Speaker segmentation has sometimes been referred to as speaker change detection and is closely related to acoustic change detection. For a given speech/audio stream, speaker segmentation/ change detection systems find the times when there is a change of speaker in the audio. On a more general level, acoustic change detection aims at finding the times when there is a change in the acoustics in the recording, which includes speech/non-speech, music/speech and others. Acoustic change detection can detect boundaries within a speaker turn when the background conditions change.

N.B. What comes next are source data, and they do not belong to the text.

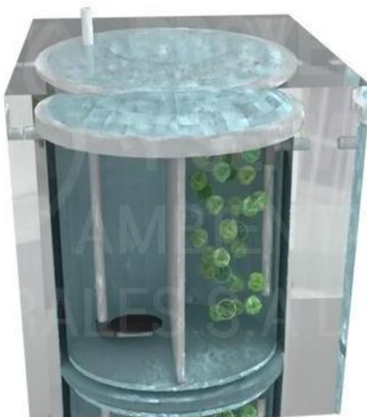
Figura 1. Imagen Demostrativa. Sistema Biológico de oxidación total por medio de inyección de oxígeno, con recirculación de lodos activados.

Extracción de lodos, se realizará con sistema creando el (efecto "Venturi"), el exceso de lodo pasa por una válvula el cual aumenta rápidamente su velocidad, esto provoca una presión negativa que es aprovechada para el desalojo de los lodos El sistema Venturi representa el sistema más económico y eficaz para extracción de lodos, con apoyo de los sopladores.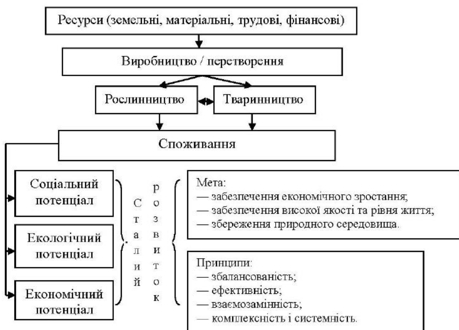
Рис. 1. Структура взаємопов'язаних галузей в аграрному секторі України

Інституціональність сукупного економічного потенціалу агропромислового підприємства виражається в тому, що його потенціал формується, використовується та розвивається з урахуванням правил, які розроблені інститутами, а склад і структура сукупного потенціалу кожного агропідприємства та визначається його особливостями як соціального, правового й ринкового інституту та функціонує в правовому полі, орієнтується на використання потенційних можливостей, що відкриваються ринковою економікою, і керується у своїй діяльності принципами соціальної корисності.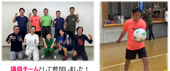
議員チーム として参加しました！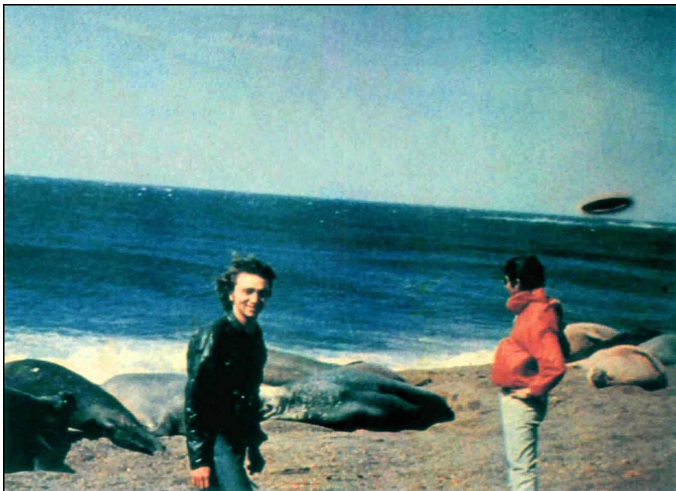
在阿根廷的海灣幽浮從海底飛出。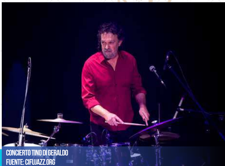
CONCIERTO TINO DI GERALDO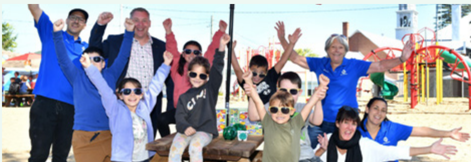
Club optimiste de Sainte-Béatrix et École Panais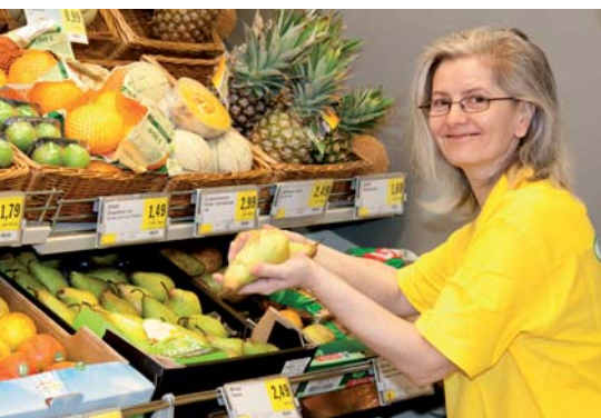
Menschen, die vom Arbeitsmarkt als „zu alt“ abgestempelt werden, finden im SPAR-Caritas-Markt in Wels eine Anstellung.

Die Sicherung der Nahversorgung im Ort und ein praxisorientiertes Ausbildungsprojekt für Menschen mit Beeinträchtigungen – das sind die Zutaten des Erfolgsrezepts der SPAR-Caritas-Ausbildungsmärkte. Mit einem weiteren Markt in Wels wurde das erprobte Konzept auf andere Zielgruppen – Wiedereinsteigerinnen mit Migrationshintergrund und ältere arbeitslose Menschen (Frauen ab 45, Männer ab 50) – ausgeweitet und ein in dieser Form einzigartiges Projekt in Österreich gestartet. Zielsetzung und „Besonderheit“ des Projekts ist die nachhaltige Integration von schwer vermittelbaren Personen in den Arbeitsmarkt.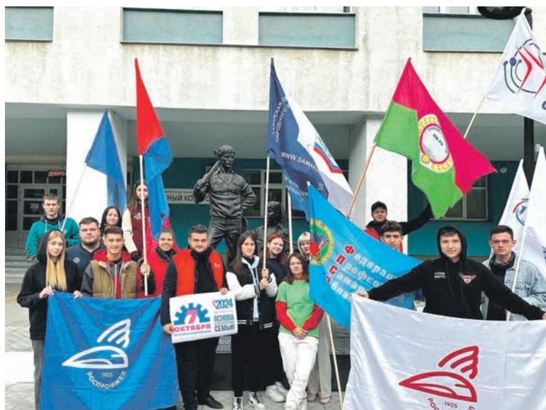
В преддверии Всемирного дня действий «За достойный труд» активисты ППО студентов Приволжского ГУПС провели автопробег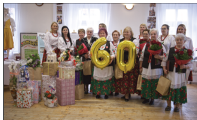
KGW Imbramowice to kobiety wyjątkowe, pełne energii, kreatywne, które dbają o przetrwanie tradycji naszego regionu.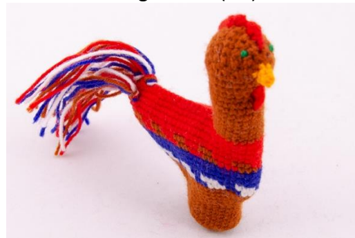
Brauner Hahn (C9)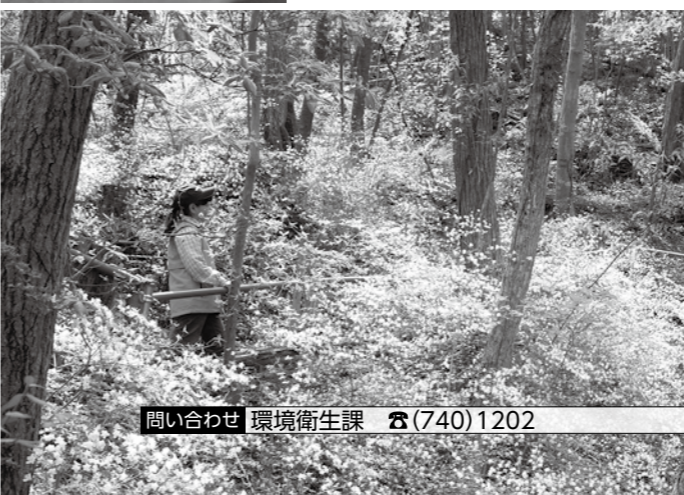
1_水明台の美しい自然景観の河川深谷にある、市域でも有数のエドヒガン群生地 2_日本一の里山といわれる黒川地区周辺の山林でヒメボタルがストロボのような光を放つ 3_清和台の虫生川両岸のコナラやクヌギの群落にあるシロバナウンゼンツツジ個体群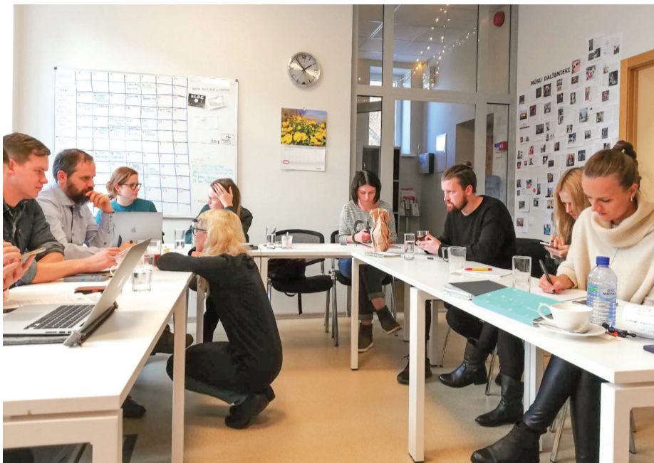
Jauno uzņēmēju „radošā saliņa” – Talsu biznesa inkubators

2018. gadā mūsu biedri radījuši septiņas jaunas darbavietas (pilnas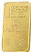
2x Lingotins 100g sous blister Valeur unitaire : 4500 €

Although erroneously, the term ``speaker segmentation'' has sometimes been used instead of speaker diarization for systems performing both a segmentation into different speaker segments and a clustering of such segments into homogeneous groups. As it will be pointed out later on, many systems obtain a speaker diarization output by means of first performing a speaker segmentation and then grouping the segments belonging to the same speaker. Other times this distinction is not so clear as segmentation and clustering are mixed together. In this thesis a system will be said to perform speaker segmentation when all frames, assigned to any particular speaker ID, are contiguous in time. Otherwise the system will be said to perform speaker segmentation and clustering (or equivalently speaker diarization).
On a very general level, two main types of speaker segmentation systems can be found in the bibliography. The first kind are systems that perform a single processing pass of the acoustic data, from where the change-points are obtained. A second broad class of systems are those that perform multiple passes, refining the decision of change-point detection on successive iterations. This second class of systems include two-pass algorithms where in a first pass many change-points are suggested (more than there actually are, therefore with a high false alarm error rate) and in a second pass such changes are reevaluated and some are discarded. Also part of the second broad class of systems are those that use an iterative processing of some sort to converge into an optimum speaker segmentation output. Many of the algorithms to find the change-points reviewed in this section (including all of the metric-based techniques) can either work alone or in a two-step system together with another technique.
On another level, a general classification of the methods available for speaker segmentation will be used in this section to describe the different algorithms available. In the bibliography (Ajmera (2004), Kemp et al. (2000), Chen et al. (2002), Shaobing Chen and Gopalakrishnan (1998), Perez-Freire and Garcia-Mateo (2004)) three groups are defined: metric-based, silence-based and model-based algorithms. In this thesis this classification will be augmented with a fourth group (called ``others'') to amalgamate all other techniques that do not fit any of the three proposed classes. In the next section the metric-based techniques are reviewed in detail and in 2.2.2 the other three groups are treated.